Pierre K. answered • 07/19/19
An aspiring researcher with a passion for teaching
The painter finishes painting the house in 6 hours.
In other words, his painting rate is one house in 6 hours or 1/6.
The painter's assistant paints the same house in 8 hours.

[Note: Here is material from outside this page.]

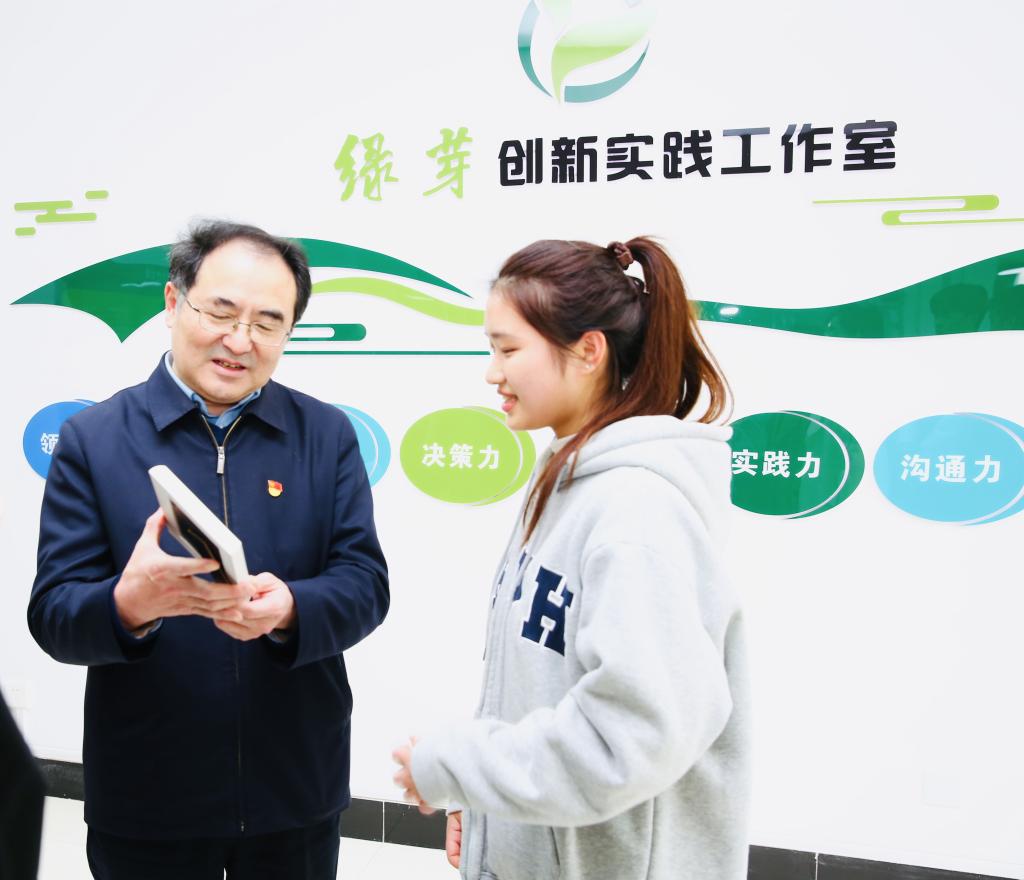 田辉玉和罗锦银共同为“绿芽创新实践”学生服务驿站揭牌,校领导一行参观走访了“一站式”学生服务驿站党建服务区、创新实践基地阳光学习走廊、社团文化营地等功能区域,并对正在进行挑战杯备战的李东亚师生团队的科创活动进行了指导。

In other words, his painting rate is one house in 8 hours or 1/8
Therefore,
Painter's (1) painting rate:
r1 = 1/6
Painter's Assistant (2) painting rate:
r2 = 1/8
The equation relating the painting rate (r), time (t) and number of houses painted (h):
h = r . t
For example, the number of houses painted by the painter (1) in 6 hours is:
h = r1.t = 1/6 x 6 = 1
Intuitive, huh! The number of houses painted by the painter AND the painter's assistant in any time is therefore:
h = h1 + h2 = r1.t + r2.t = (1/6)t + (1/8)t = 8t/(6*8) + 6t/(6*8) = (8+6)t/48 = 14t/48 = 7t/24
Or simply,
h = 7t/24
Rearrangement yields,
t = 24h/7
The time it takes to make the same house with the two painters is therefore:
t = 24/7 or 3.43 hours
=)
So basically to solve a problem like this, you:
(1) find the painters' (could be more than two) rate
(2) use the rates in the equation to find the number of houses (h) painted in a given time OR the time (t) it takes to paint a given number of houses (which is one in this case):
h = (r1 + r2)t
OR
t = h/(r1 + r2)